> Exercise
What you submit must be an exact copy of the listing below, with no images in it.

> Dataset excerpt
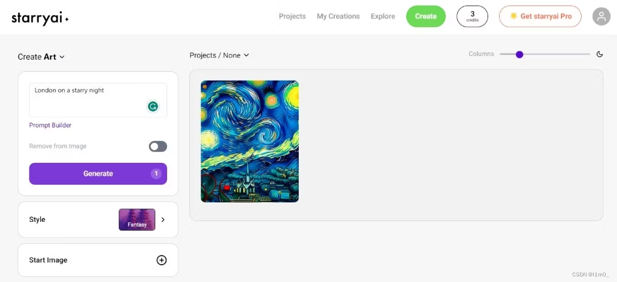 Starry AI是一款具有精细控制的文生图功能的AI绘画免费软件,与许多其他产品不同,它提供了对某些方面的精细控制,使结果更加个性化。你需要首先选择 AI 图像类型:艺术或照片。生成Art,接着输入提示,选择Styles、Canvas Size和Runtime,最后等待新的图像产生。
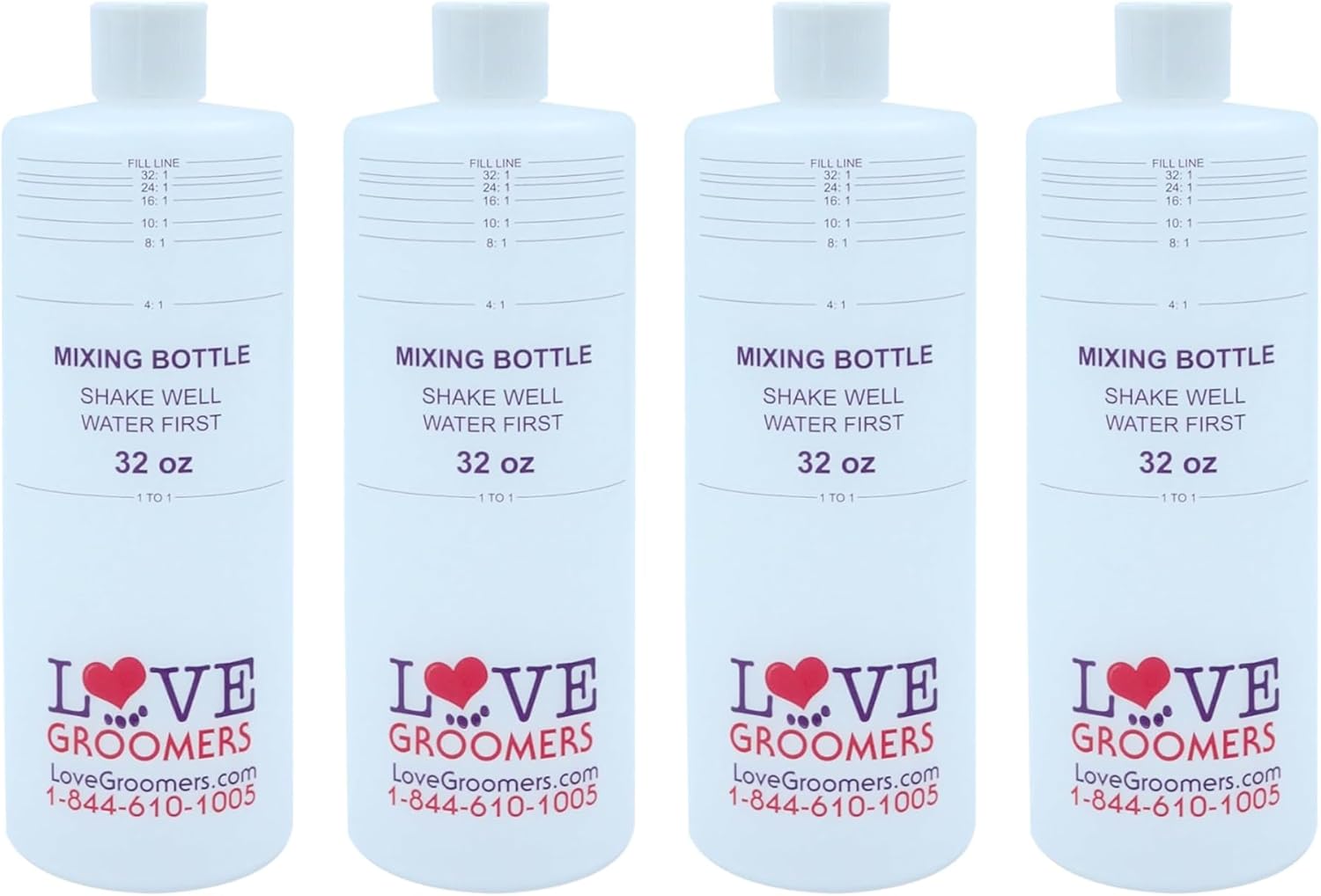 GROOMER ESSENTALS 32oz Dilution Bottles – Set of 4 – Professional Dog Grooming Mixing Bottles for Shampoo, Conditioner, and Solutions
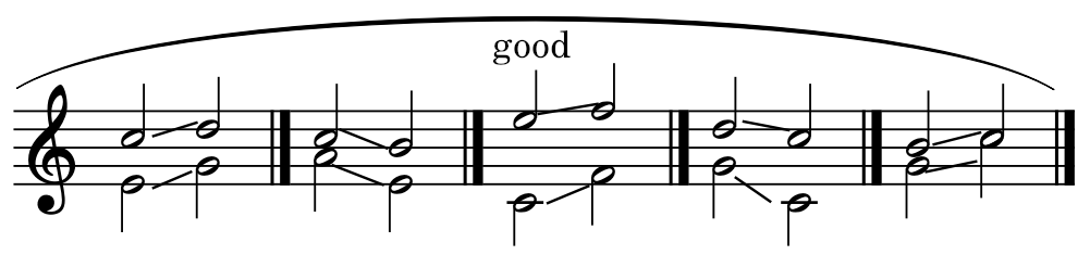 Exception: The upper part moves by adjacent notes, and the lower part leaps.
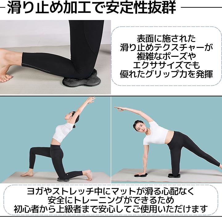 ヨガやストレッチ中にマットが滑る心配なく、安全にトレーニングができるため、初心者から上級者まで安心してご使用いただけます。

> Reply to the exercise
 Starry AI是一款具有精细控制的文生图功能的AI绘画免费软件,与许多其他产品不同,它提供了对某些方面的精细控制,使结果更加个性化。你需要首先选择 AI 图像类型:艺术或照片。生成Art,接着输入提示,选择Styles、Canvas Size和Runtime,最后等待新的图像产生。
 GROOMER ESSENTALS 32oz Dilution Bottles – Set of 4 – Professional Dog Grooming Mixing Bottles for Shampoo, Conditioner, and Solutions
 Exception: The upper part moves by adjacent notes, and the lower part leaps.
 ヨガやストレッチ中にマットが滑る心配なく、安全にトレーニングができるため、初心者から上級者まで安心してご使用いただけます。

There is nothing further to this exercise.